╭─ PROVIDED RECORDS

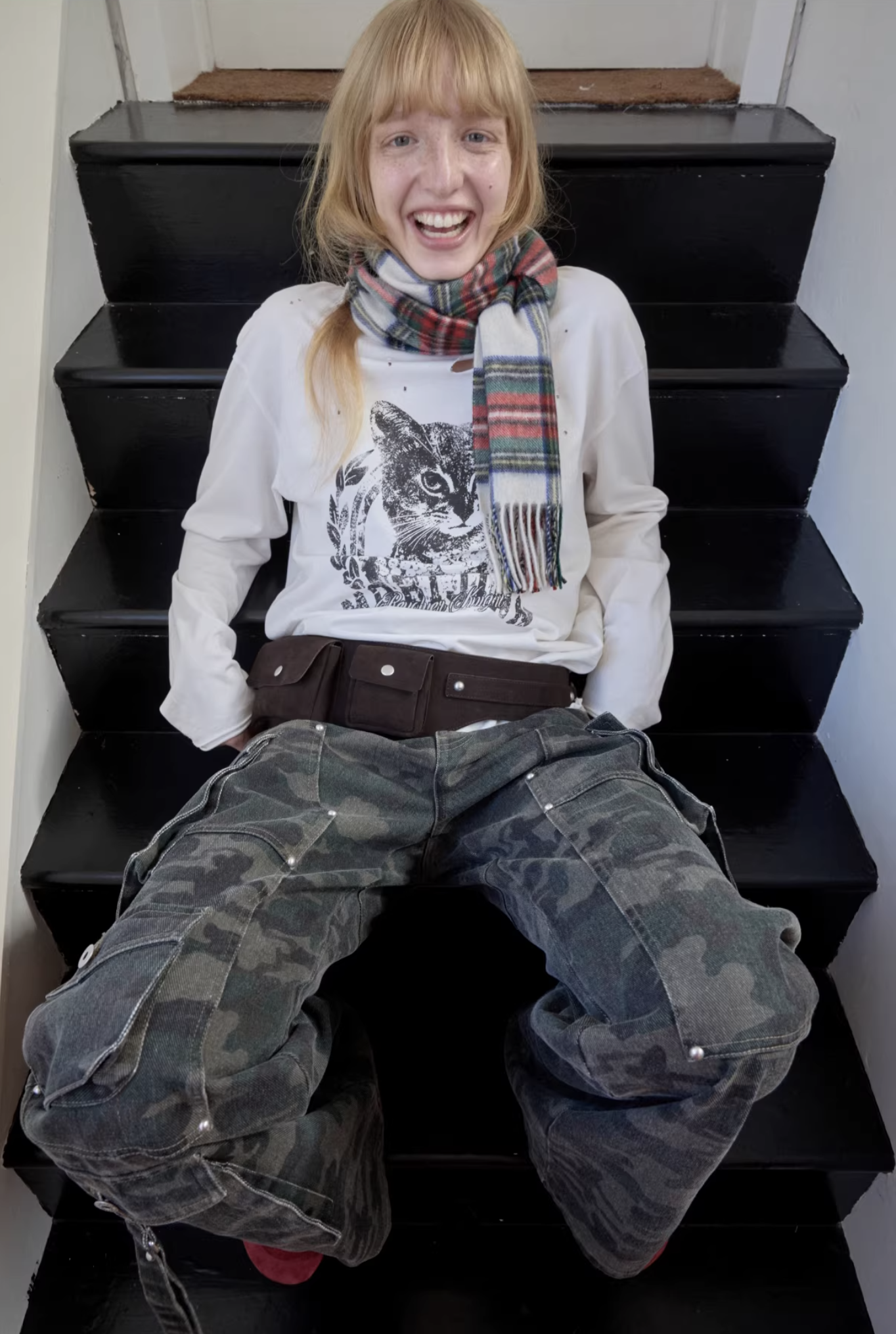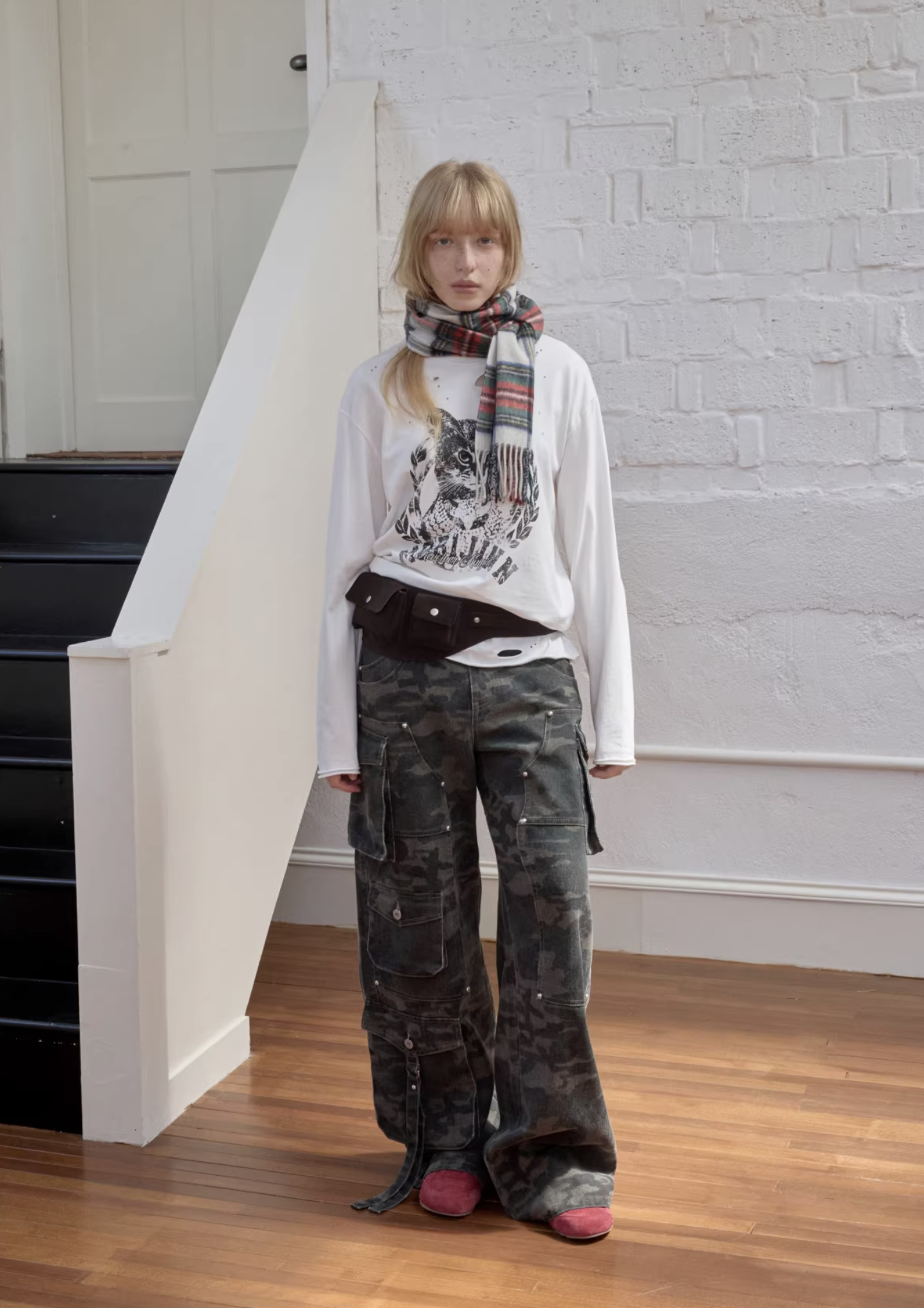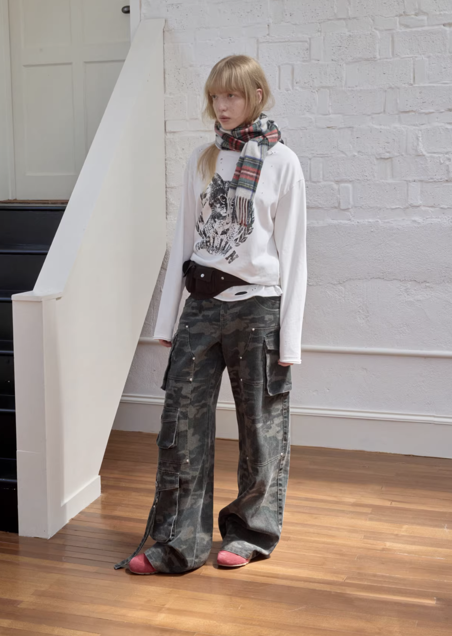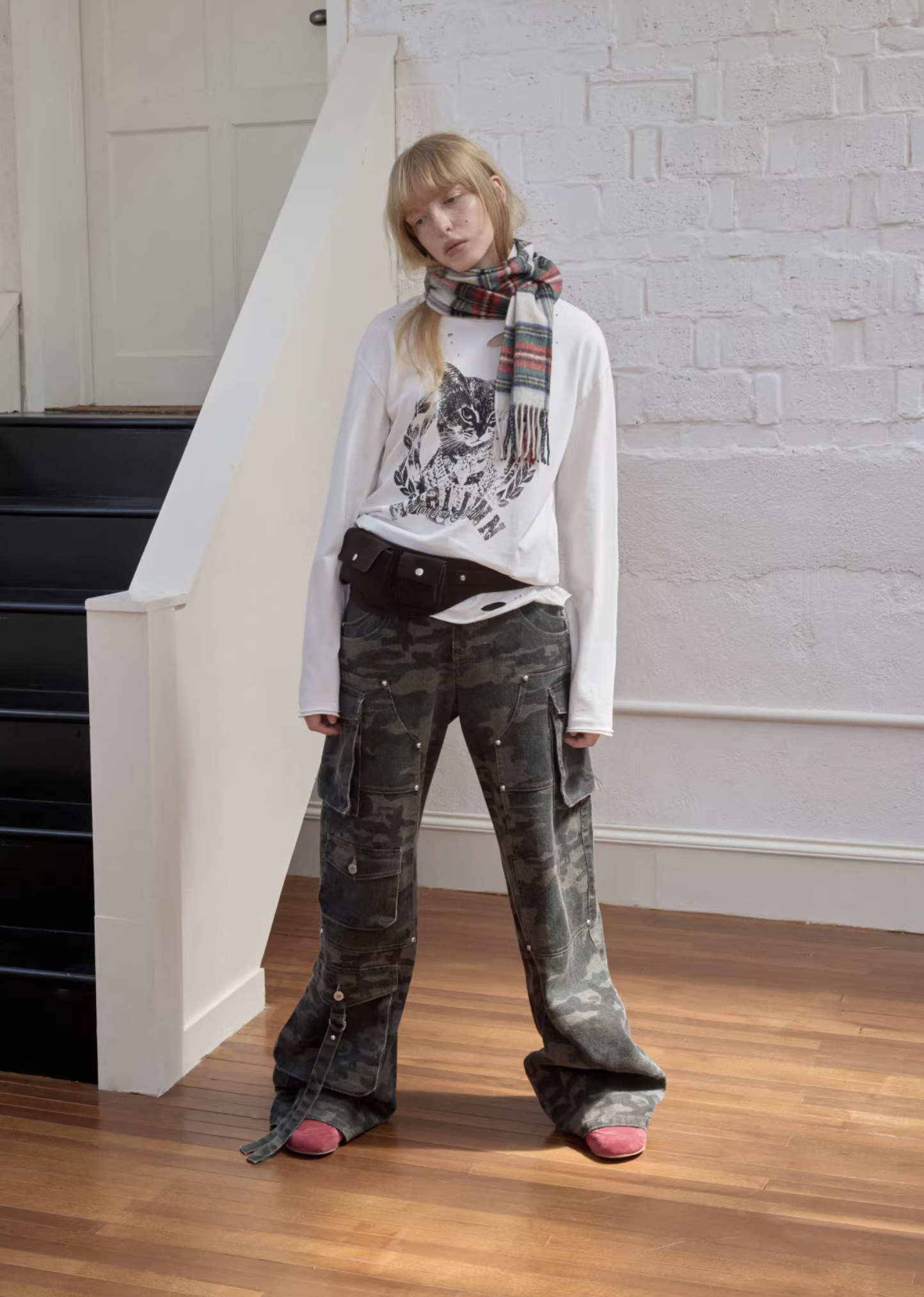 ♱ VINTAGE CAT PRINT DISTRESSED LONG-SLEEVE TEE – 3colors ♱ PRE-ORDER 10 DAYS
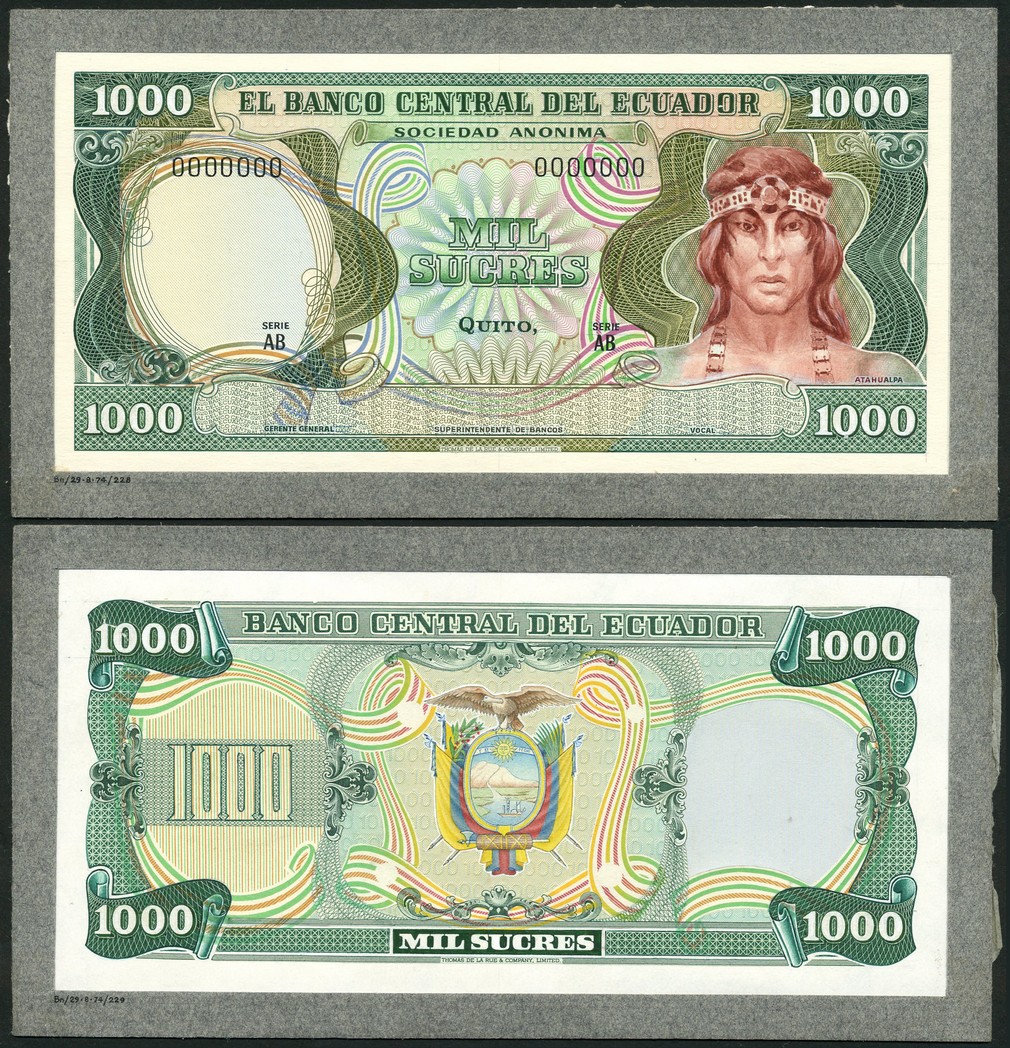 (†) El Banco Central del Ecuador, a printers archival essay for the obverse and reverse of a 1000 sucres, ND (1974), zero serial numbers, green and multicoloured, Indian (Atahualpa) at right, reverse green, arms at centre, value at left and at each corner
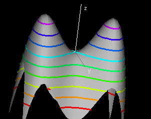 This demo shows a level set consisting of level curves f(x,y) = c for the Twin Peaks function f(x,y) = 3(-x4 + x2 - y2). A contour map is drawn in the window labeled "Domain: f(x,y)". The third window, labeled "Level Curves", allows you to choose a level curve f(x,y) = h by dragging the hotspot along the z-axis. The value of the constant h is shown in the control panel.
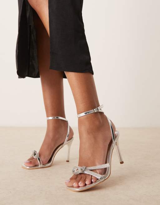 Glamorous Wide Fit – Sandaletten in Silberoptik mit Stilettoabsatz und verzierter Schleife, weite Passform
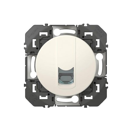 Mécanisme faible profondeur facilitant le refoulement dans la boîte d'encastrement. Prise équipée d'un connecteur rapide sans outil pour un câblage intuitif et fiable. Pour fiche RJ 45, RJ 12 et RJ 11. A associer avec une plaque de finition Dooxie (non fournie)
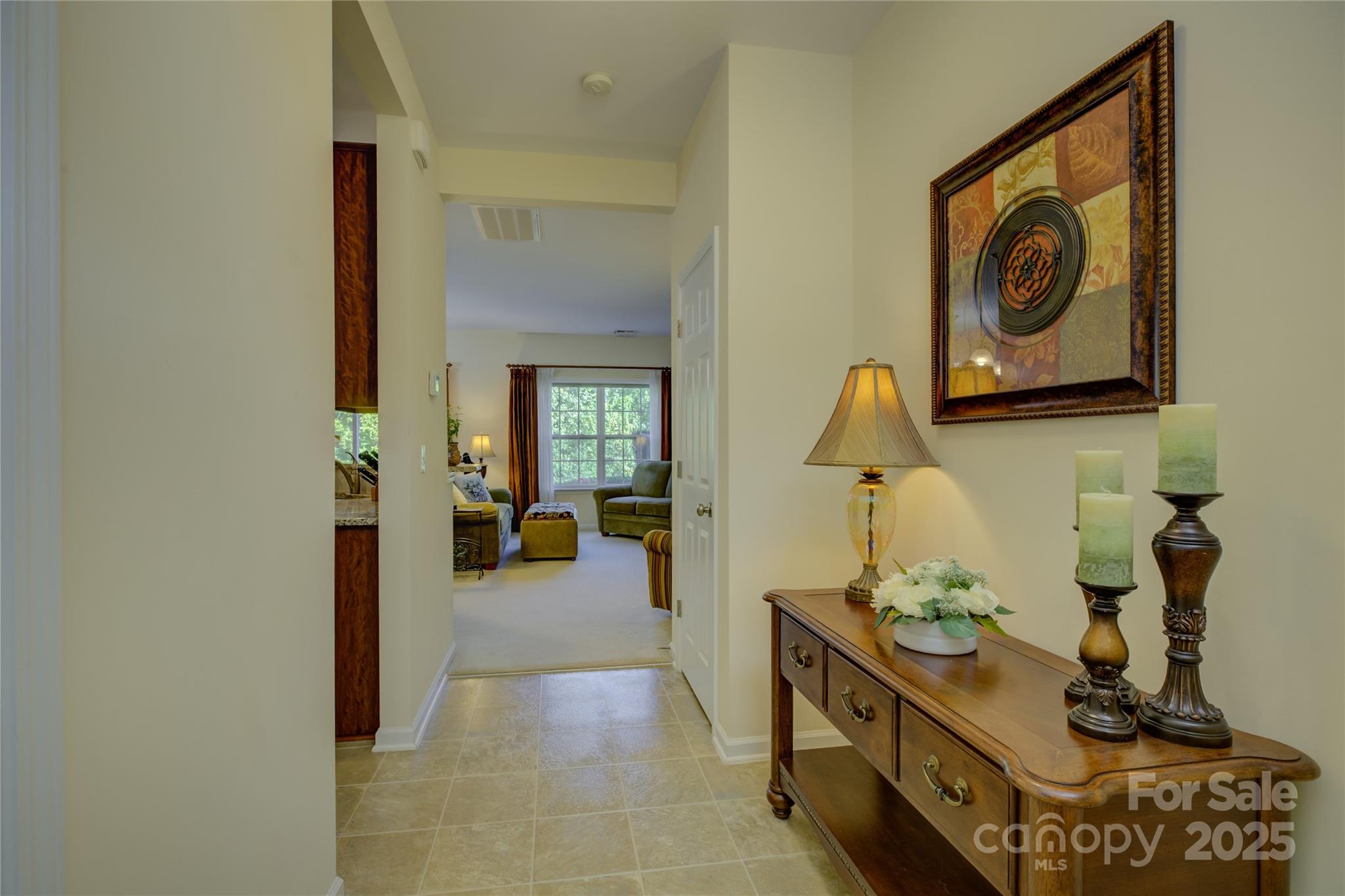 This property enjoys a premier setting backing directly onto Little Sugar Creek Greenway, offering instant access to miles of scenic trails for walking, biking, and outdoor recreation. Instead of neighbors behind you, you’ll have a natural backdrop of greenery and open space. The kitchen is designed for convenience and efficiency. Granite countertops feature a bar counter, perfect for entertaining guests or preparing quick meals on the go. Butler's pantry provides extra storage, a coffee station, or a prep area. The dining area opens onto a paver patio overlooking the wooded yard. A sunny living room is a comfortable space to relax or entertain. Upstairs, the spacious primary bedroom features a vaulted ceiling, an en-suite bath & large walk-in closet. Hall closet enclosed laundry room. The secondary bedroom features an en-suite bathroom. Single-car garage. Whether it’s morning jogs, weekend bike rides, or peaceful evening strolls, the greenway becomes an extension of your backyard and an everyday lifestyle upgrade. Located just minutes from the Carolina Place Mall & dining options, this home provides the perfect mix of active outdoor living and everyday convenience.
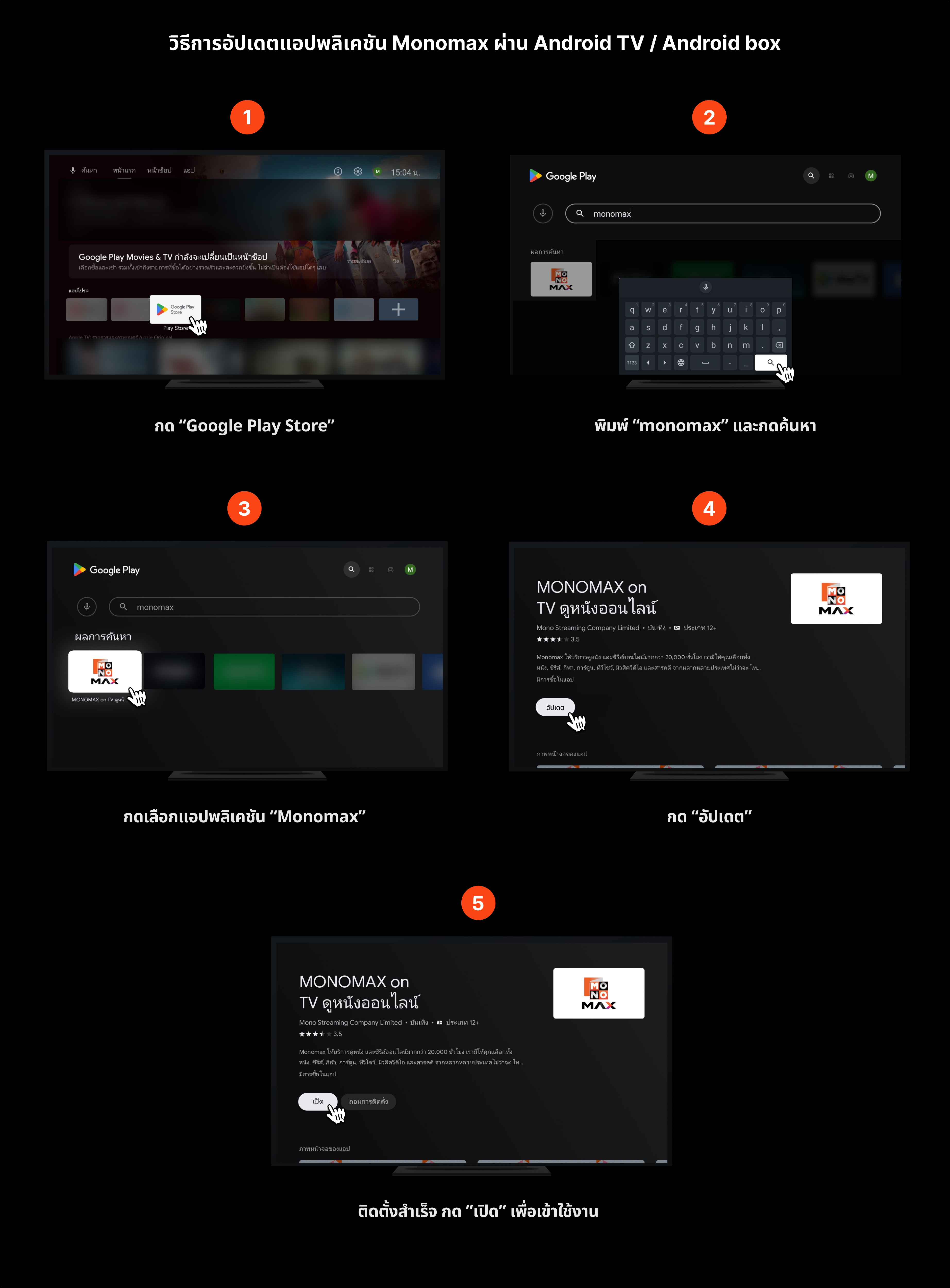 วิธีการอัปเดตแอปพลิเคชัน Monomax ผ่าน Android TV / Android box
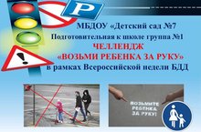 В рамках недели безопасного движения организованный ГУОВДД МВД России совместно с газетой «Добрая Дорога Детства» наш детский сад принял участие в челлендже по профилактике дорожно – транспортного травматизма с целью акцентирования внимания взрослых на необходимости правильно держать ребенка за руку при движении вдоль проезжей части и переходе дороги. Взрослые, передвигаясь с ребенком, зачастую держат его небрежно за кисть руки либо позволяют ребенку самому держаться за руку родителя. Это ненадежно, так как ребенок легко может высвободить свою руку или отпустить руку взрослого. Поэтому взрослым необходимо правильно и крепко держать детей за руку, чтобы контролировать их действия (например, не позволить вырваться и выбежать на проезжую часть дороги, подстраховать, если оступится или упадет).
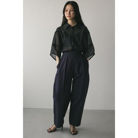 [型番:500ISS31-2871]モデル身長165cm(Mサイズ着用)ドットネップがポイントになるタックを入れたフォルムパンツ。フォルムが女性らしく上品な一枚です。500ISS30-2861(アウトドットショートトップ)とセットアップ着用可能。透け感なし、ストレッチなし。【お手入れ方法】手洗い可
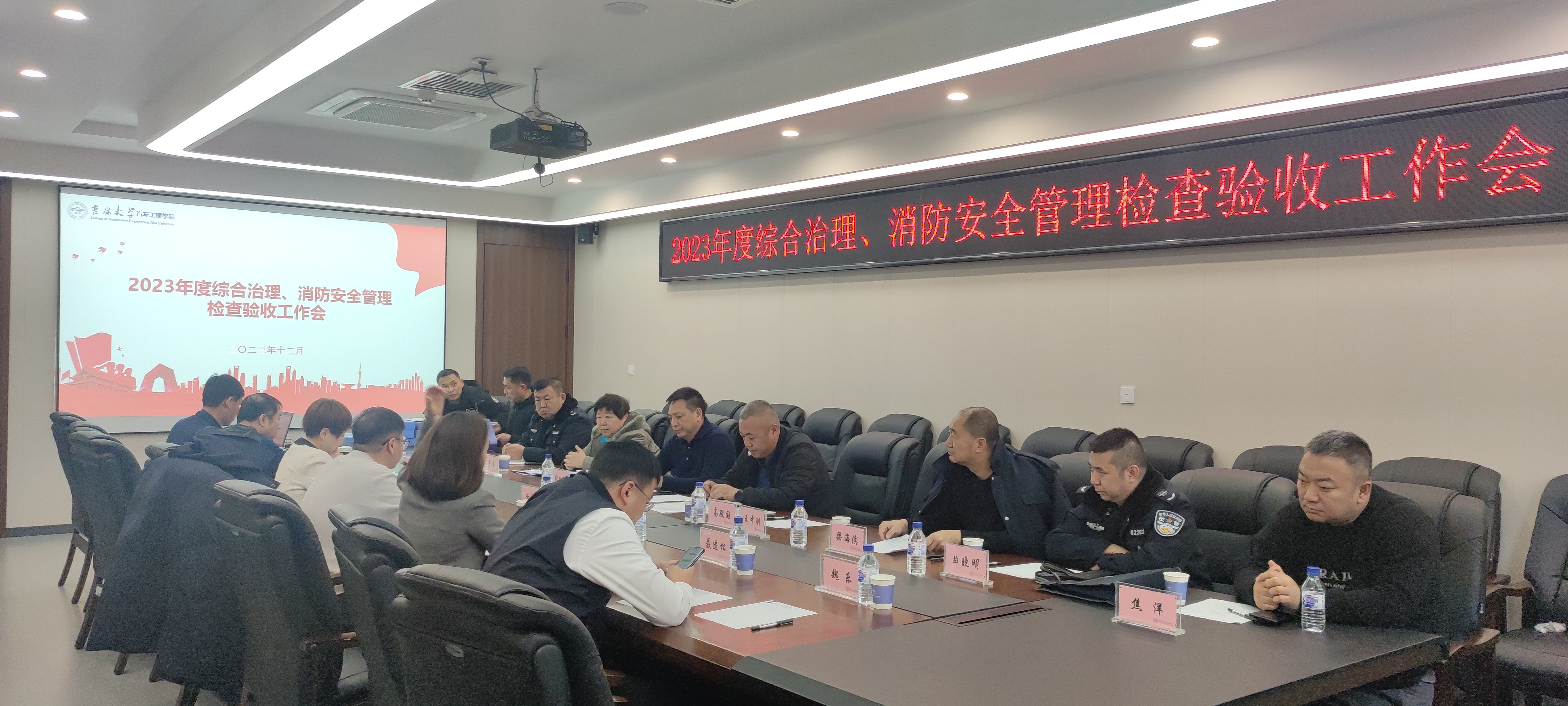 2023年12月19日下午,由公司保卫处东区保卫办主任张柏军一行组成的综合治理、消防安全管理检查验收工作组莅临beat365亚洲体育官方网站,对公司2023年度综合治理、消防管理工作进行检查验收。汽车工程公司党委书记黄忠华、副书记胡忠巍、行政副经理林海兰、副书记兼副经理聂逯松、汽车底盘集成与仿生全国重点实验室副主任王思远等参加了会议。

╰─

Only the lines from the beginning of the listing through the line with "(†) El Banco", both ends included, are to be repeated exactly; pictures stay out.

 ♱ VINTAGE CAT PRINT DISTRESSED LONG-SLEEVE TEE – 3colors ♱ PRE-ORDER 10 DAYS
 (†) El Banco Central del Ecuador, a printers archival essay for the obverse and reverse of a 1000 sucres, ND (1974), zero serial numbers, green and multicoloured, Indian (Atahualpa) at right, reverse green, arms at centre, value at left and at each corner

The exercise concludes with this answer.